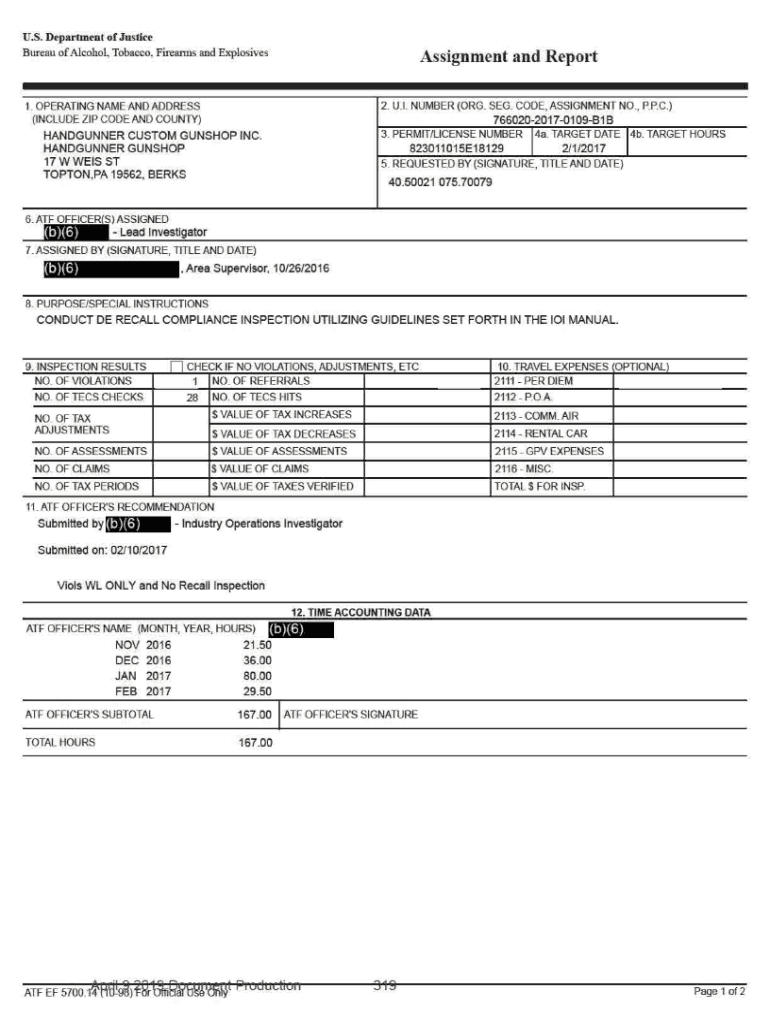 Bureau of Alcohol, Tobacco. Firearms and ExplosivesAssignment and Report
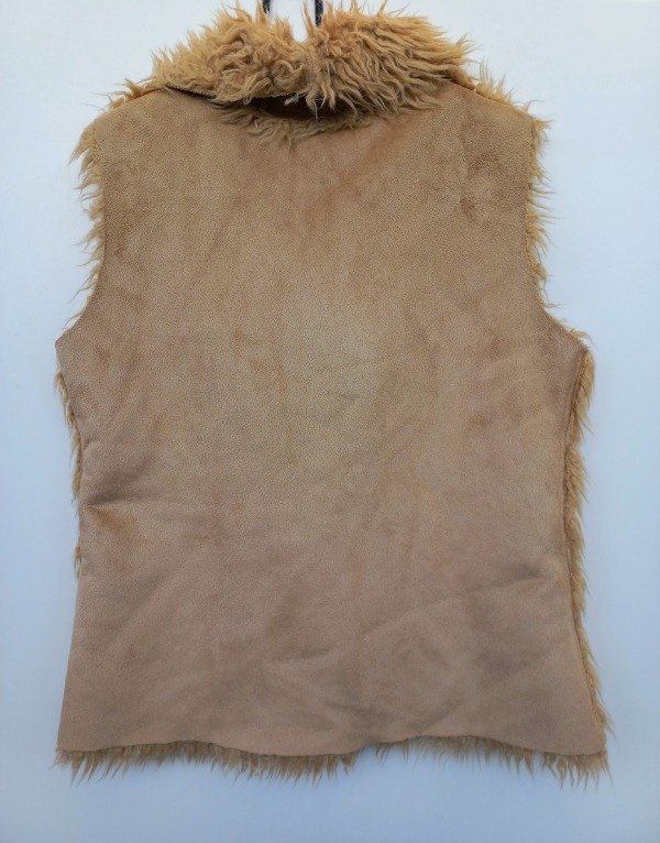 Chaleco de gamuza con corderito en su interior color nude. Medidas: ancho de sisa a sisa 46 cm, largo 52 cm. COMO NUEVO
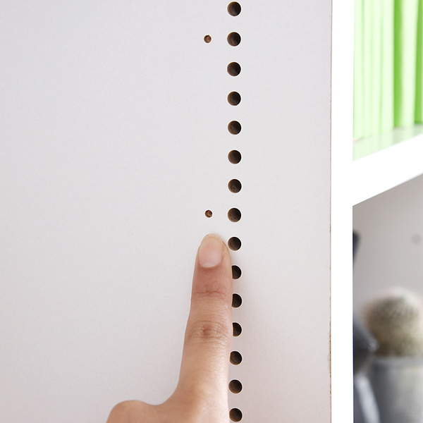棚板を変える際、位置がわかりやすいように6段ごとに目印になるメモリをつけました。
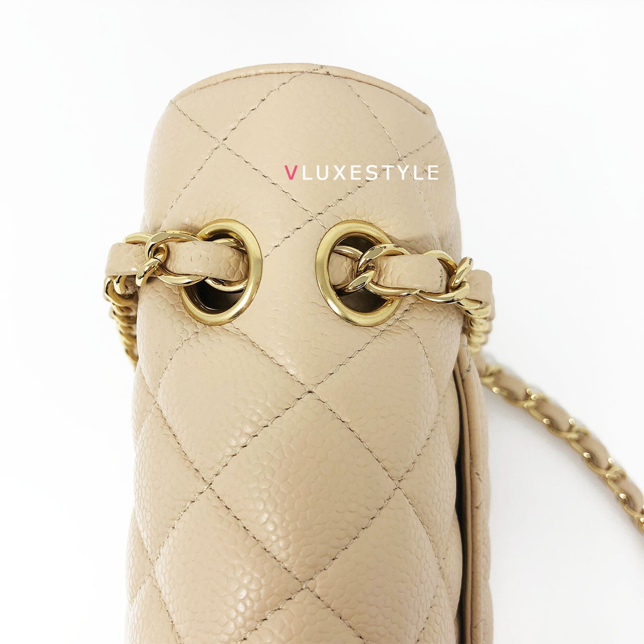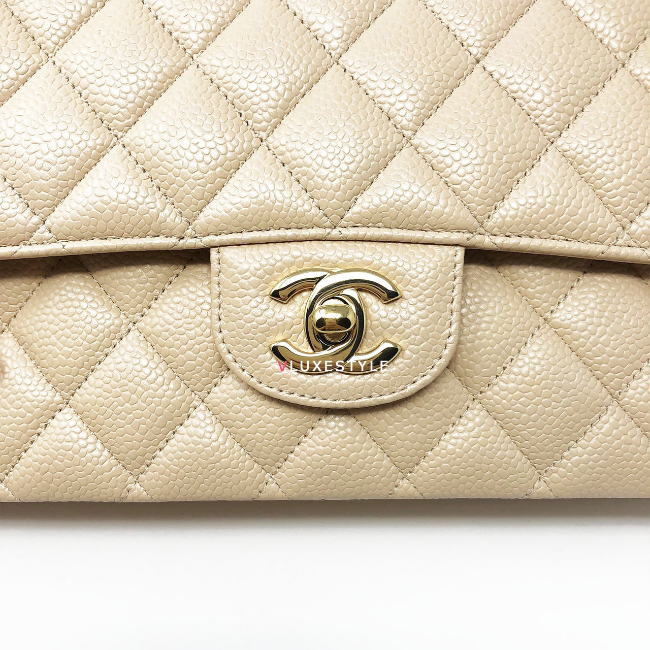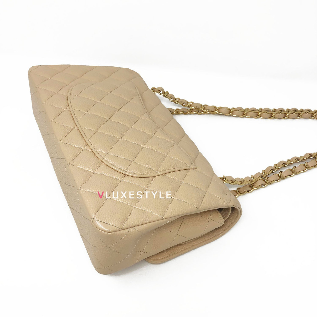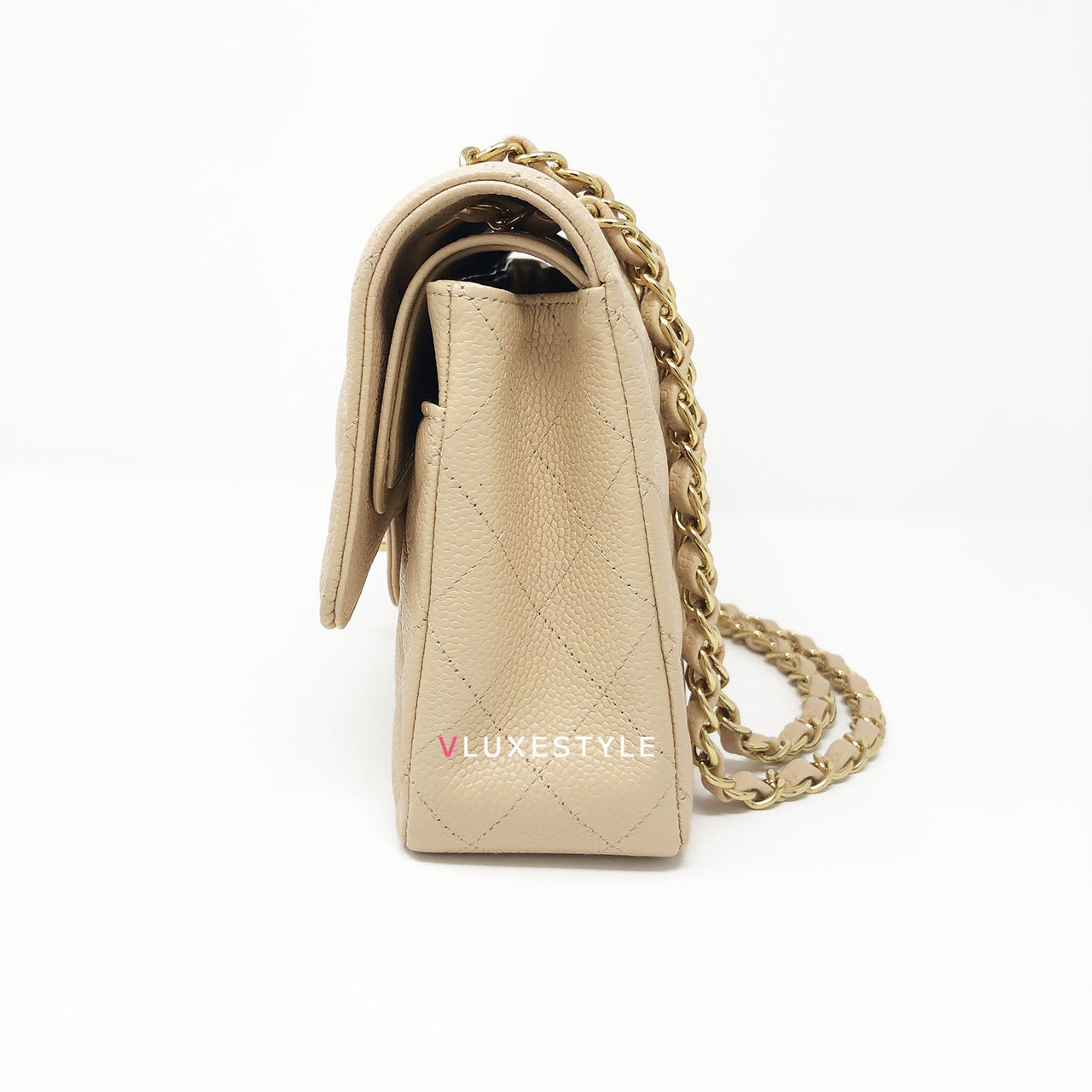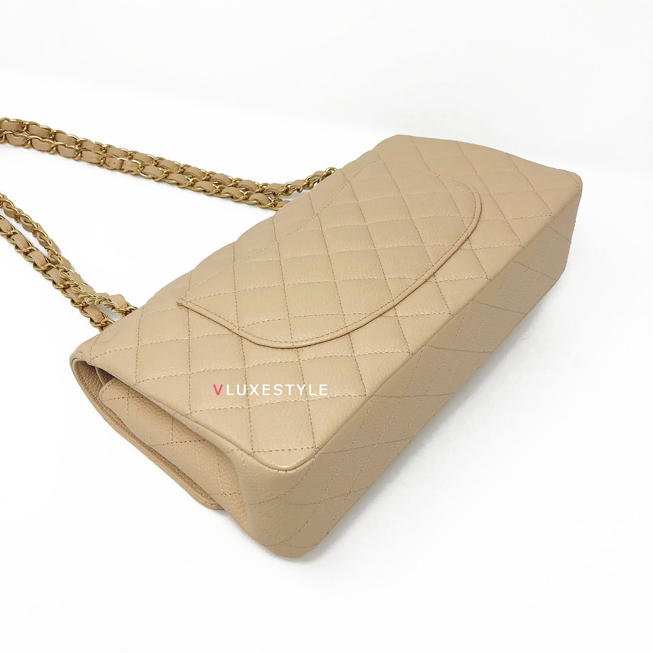Just arrived! Classic Beige Medium Caviar with gold hardware. Made in France/23 series/2017. The bag is in excellent condition, no color transfer, no corner wear, light hairline scratches on the cc hardware, protective sticker on the inside hardware. The bag is clean inside and out.

● ● ●

Please transcribe the material above exactly as written. Leave the pictures out.

 Bureau of Alcohol, Tobacco. Firearms and ExplosivesAssignment and Report
 Chaleco de gamuza con corderito en su interior color nude. Medidas: ancho de sisa a sisa 46 cm, largo 52 cm. COMO NUEVO
棚板を変える際、位置がわかりやすいように6段ごとに目印になるメモリをつけました。
Just arrived! Classic Beige Medium Caviar with gold hardware. Made in France/23 series/2017. The bag is in excellent condition, no color transfer, no corner wear, light hairline scratches on the cc hardware, protective sticker on the inside hardware. The bag is clean inside and out.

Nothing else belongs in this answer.